M. Besen: Die Kommission wird nunmehr die im Rahmen ihrer Firmendurchsuchungen gewonnenen Erkenntnisse auswerten und anhand von Fragebogenaktionen testen. Sie wird sich in den kommenden Monaten ein Bild über die Branche machen und dann voraussichtlich im dritten Quartal 2008 einen Zwischenbericht über ihre Ergebnisse veröffentlichen und Gelegenheit zur Stellungnahme geben. Der finale Bericht soll im ersten Quartal 2009 erscheinen. Ähnliche Berichte gab es bereits für den Energiesektor oder im Finanzdienstleistungssektor Anfang 2007. Diese Reports sind keine Beschlüsse, keine Entscheidungen. Sie sind lediglich eine - wenn auch detaillierte - kartellrechtliche Momentaufnahme einer Branche.

Das heißt den untersuchten Unternehmen drohen im Falle eines Regelverstoßes keine Bußgelder?

M. Besen: Nicht unmittelbar durch den Bericht. Aber alles, was im Rahmen dieser Sektorenuntersuchung an konkre-ten Anhaltspunkten gefunden wird, kann Gegenstand eines separaten Verfahrens werden. Wird bei diesem Verfahren festgestellt, dass eine Absprache zwischen Wettbewerbern stattgefunden hat oder eine marktbeherrschende Stellung missbraucht wurde, kann dies mit empfindlichen Bußgeldern in Höhe von 10% des Konzernumsatzes geahndet werden. Insofern ist die Untersuchung eine Vorstufe, die es nicht zu unterschätzen gilt.

Wie sollten die betroffenen Unternehmen sich verhalten?

M. Besen:
Sie sollten nicht in Panik verfallen, aber die Untersuchung extrem ernst nehmen. Ein Unternehmen muss, wenn es jetzt untersucht wird, umfangreiche Fragebögen beantworten. Es hat dabei die Pflicht, erstens mitzuwirken und zweitens keine falschen irreführenden Tatsachen anzugeben. Dies wäre an sich wieder ein bußgeldträchtiger Tatbestand.
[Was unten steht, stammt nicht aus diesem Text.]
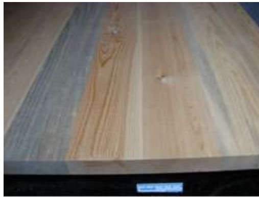
Bluestained wood products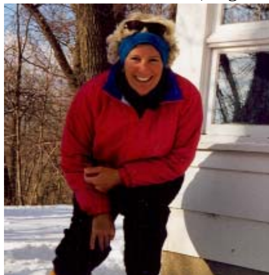
Eleven-time national champion Caprice Behner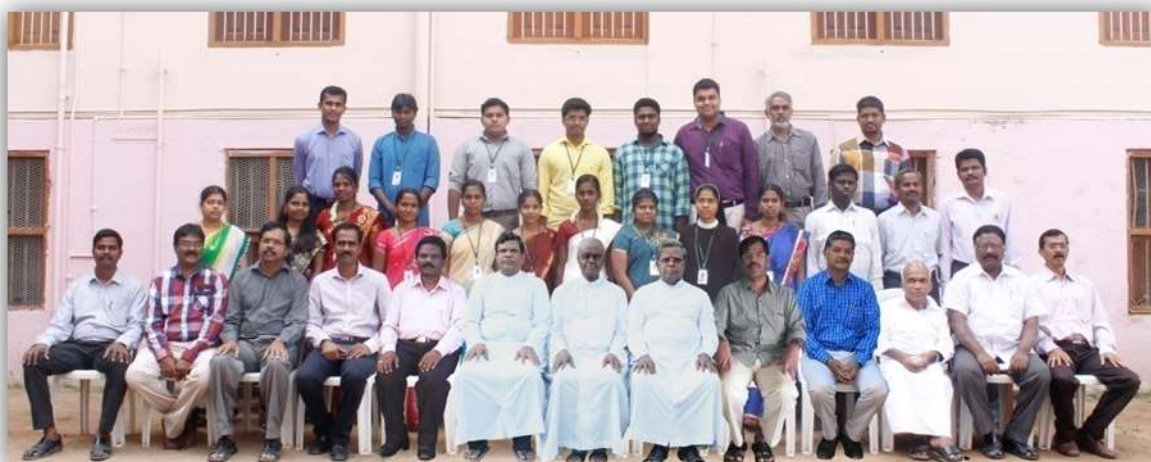
M.Phil. Commerce (2014-15)

Aber nochmals, und das ist das Entscheidende und daraus resultiert auch das erhebliche Unternehmensrisiko: Wenn im Rahmen dieser Sektorenuntersuchung konkrete Anhaltspunkte gefunden werden, wird die Kommission separate Verfahren eröffnen, was sie in anderen Sektoren stets gemacht hat.

Und möglicherweise wird bei der Untersuchung etwas entdeckt, was vom Unternehmen bislang gar nicht als Kartellverstoß wahrgenommen wurde, z.B. ungeschickte Unternehmenskommunikation oder irgendwelche Verträge, die nicht durch die Rechtsabteilung gelaufen sind.
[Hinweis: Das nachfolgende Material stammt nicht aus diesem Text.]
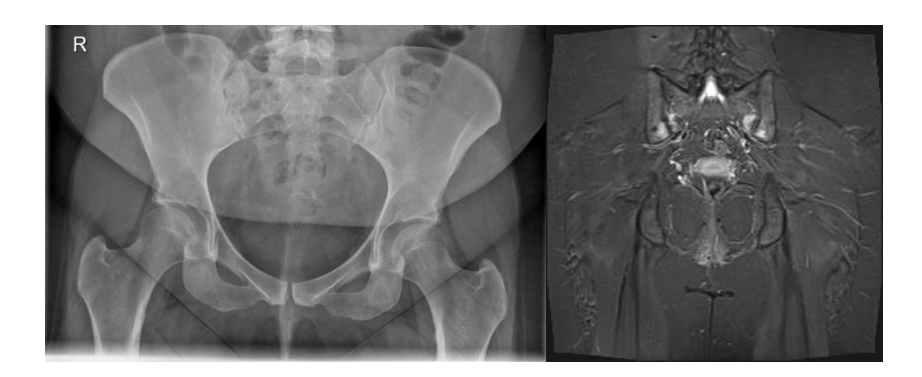
Figure 1: Bilateral SII (joint space narrowing and sclerosis on pelvic Xray and bone marrow oedema on MRI) in a patient with symmetrical polyarthralgia, in the context of previous diagnosis of RA associated with strongly positive anti CCP antibodies.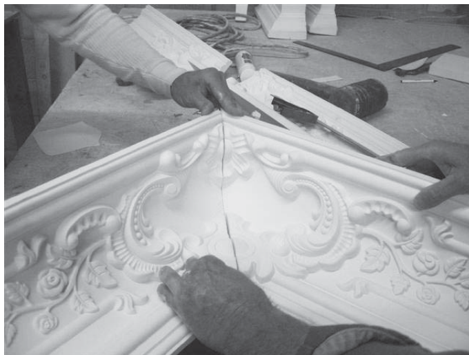
Step 5. Fine sand the cut edges and assemble.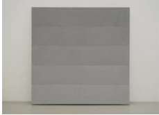
Sfumato, grigio, 2018 Color impasto on board 78 3/4 x 78 3/4 x 1 5/8 in. (200 x 200 x 4 cm) No. 20905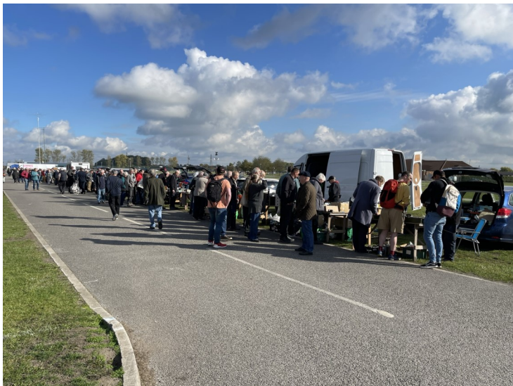
Some of the many outdoor traders.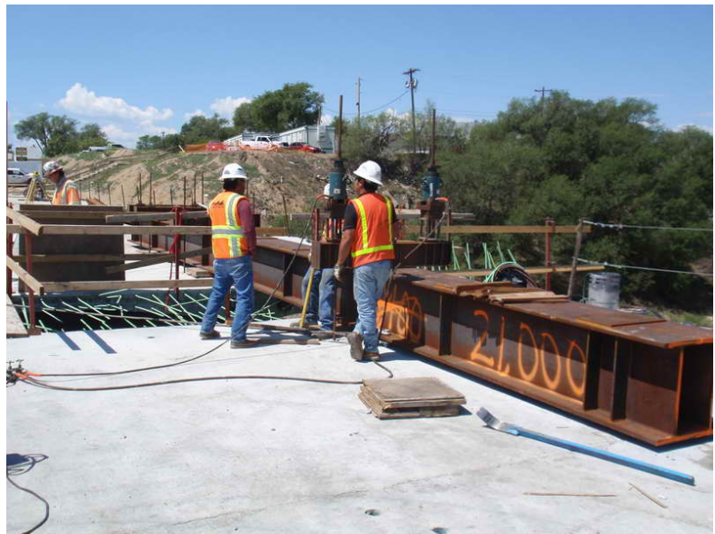
Figure 7 – Span 2 WB CIP Superstructure Construction – July 31, 2009: Workers stress the PT bars to engage the strongbacks for the closure segment, which align and lock the tips of Span 1 WB and the Cantilever 3 WB together.

After the posts are removed, the falsework platform is lowered down using the winches on the deck. The block-out in the wing is to avoid the tower crane, which will be moved back to Pier 3 upon completion of Cantilever 4 WB. This blockout will be poured back after the cantilever is complete and the tower crane is removed.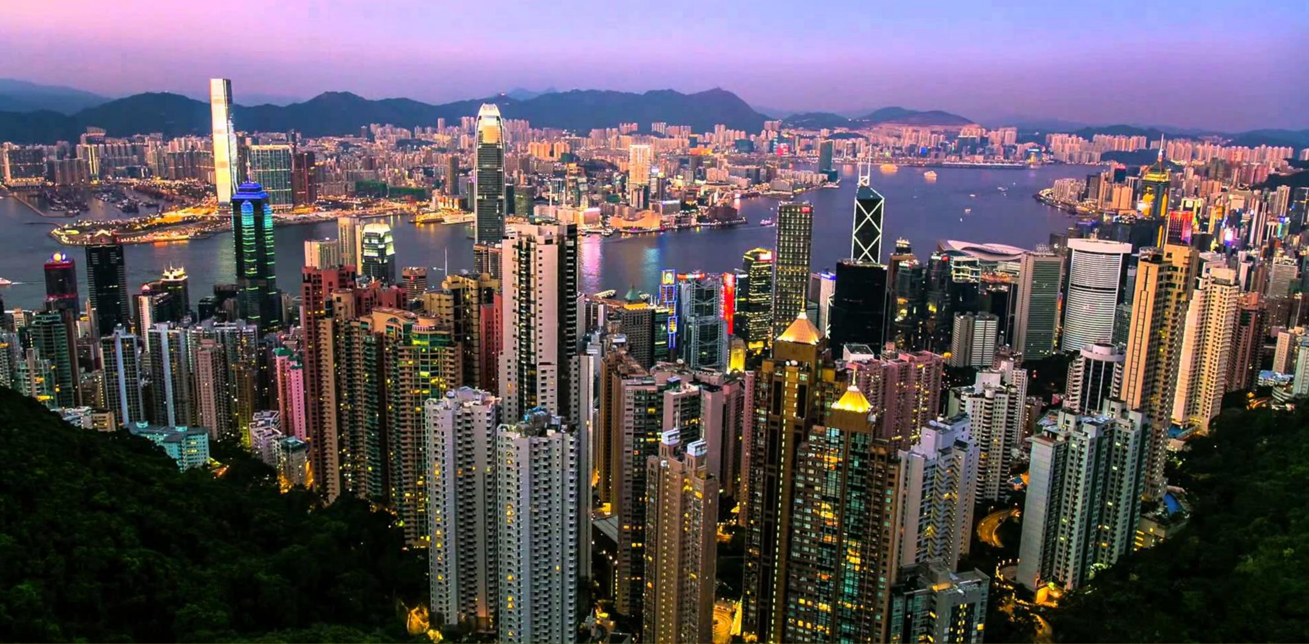
Victoria Peak (Hong Kong Central)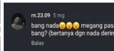
Figure 16: Comment on post

The comment “ bang nada 🤔🤔🤔 megang pasar mana, bang? (bertanya dgn nada dering) ” on that post has a connotative meaning that is both humorous and admiring. Denotatively, the sentence seems to be asking about the location of a market managed by someone named “ Bang Nada ”, complete with a playful tone of “ bertanya dgn nada dering. ” However, connotatively, the comment is actually a humorous and casual jab at the woman's strong and confident appearance, to the point where she is mistaken for a tough guy or a market boss with significant influence. This expression also conveys both admiration and surprise, as it is rare to see a woman with such a muscular build and confident posture. The comment demonstrates how connotative meanings often contain light hearted humor with a positive tone, while subtly incorporating hidden praise that makes the post more lively and engaging.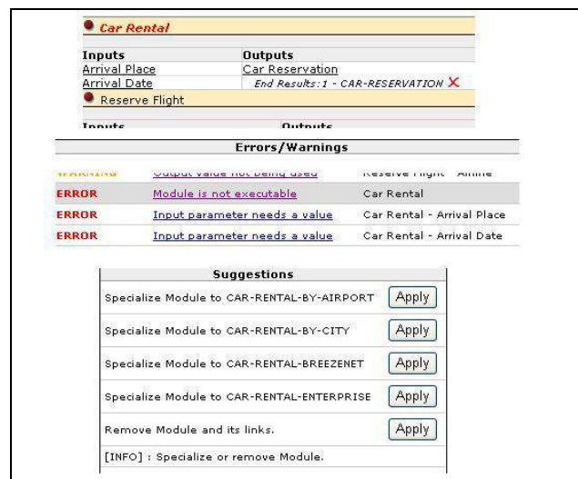
Figure 5. Component added by applying system’s suggestion; system points out that some components are not executable.

the added components are both not executable (i.e., they represent generic families of services). Suggestions for specializing “Car Rental” are also shown in Fig. 5, based on the component ontology (i.e., how they are related to each other).

Die Sektorenuntersuchung soll den Wettbewerb in der Pharmabranche stärken. Glauben Sie, dass dieses Ziel erreicht werden kann?
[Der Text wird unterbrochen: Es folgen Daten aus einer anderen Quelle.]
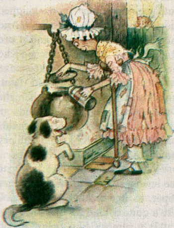
Ridiklis does the cooking.

The Castle dolls were grand beyond words, and they were all lords and ladies. These were their names. There was Lady Gwendolen Vere de Vere. She was haughty and had dark eyes and hair and carried her head thrown back and her nose in the air. There was Lady Muriel Vere de Vere, and she was cold and lovely and indifferent and looked down the bridge of her delicate nose. And there was Lady Doris, who had fluffy golden hair and laughed mockingly at everybody. And there was Lord Hubert and Lord Rupert and Lord Francis, who were all handsome enough to make you feel as if you could faint. And there was their mother, the Duchess of Tidysshire; and of course there were all sorts of maids and footmen and cooks and scullery maids and even gardeners.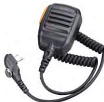
SM26M1 ② IP54 Rated 2.5mm audio jack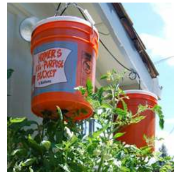
Buckets can hang anywhere convenient - you could even rig up a trickle watering system!

In the early days, check that the stem is growing out from under the bucket, not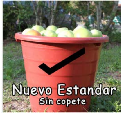
Image showing the new standards eliminating copete requirements implemented in farms participating in the FFP.<sup>38</sup>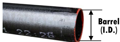
No Hub Cast Iron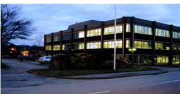
Plough Lane—Policy & Community's new home

During this period, the staff from the Directorate Support Unit concentrated upon the work required in order to prepare the Directorate for its relocation to the offices in Plough Lane, Hereford. As previously mentioned in Service News, the project plan for the move required the completion of over 600 tasks.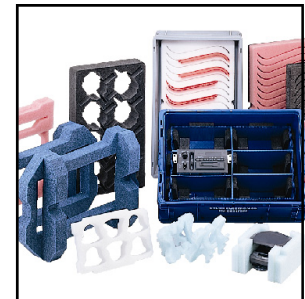
CelluPlank® Polyolefin Foam Stratocell® Laminated Foam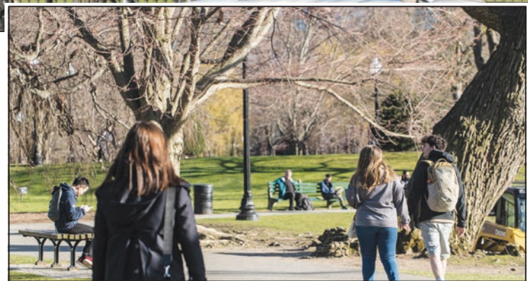
Shown left, Spring was bringing life back to the Public Garden with a pleasant if not brisk day.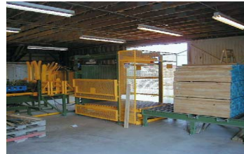
Fully Automatic Stringer Feeder, no labor.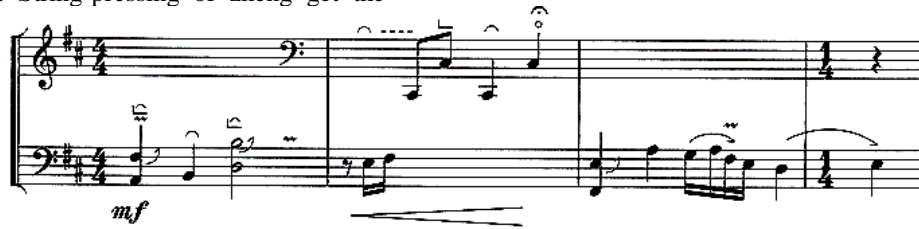
Fig. 8. Example of Left-handed technique "portamento".

Portamento is also used much in the song with different forms. For example in "Fig. 8":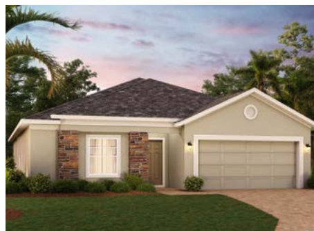
ELEVATION 3 - STONE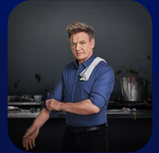
Kitchen Nightmares (r)

M. Besen: Frau Kroes hatte ein klares Bekenntnis abgegeben, den Innovationsanreiz und somit die forschende Pharmaindustrie zu stärken. Ihr Ziel scheint es daher nicht zu sein, die europäische Pharmaindustrie durch das Kartellrecht zu lähmen. Daher hoffe ich stark, dass die Kommission mit Augenmaß vorgehen wird. Aber es bleibt ein schwieriges Unterfangen. Auf der einen Seite soll der Verbraucher, der Patient, nicht am hohen Preis leiden und auf der anderen Seite soll nicht die Qualität der Medikamentenversorgung beeinträchtigt werden. Das ist ein Spannungsverhältnis zwischen Kartellrecht und geistigem Eigentumsschutzrecht, bei dem es gilt, negative Auswirkungen auf die Innovationsfreudigkeit der Pharmaindustrie zu verhindern.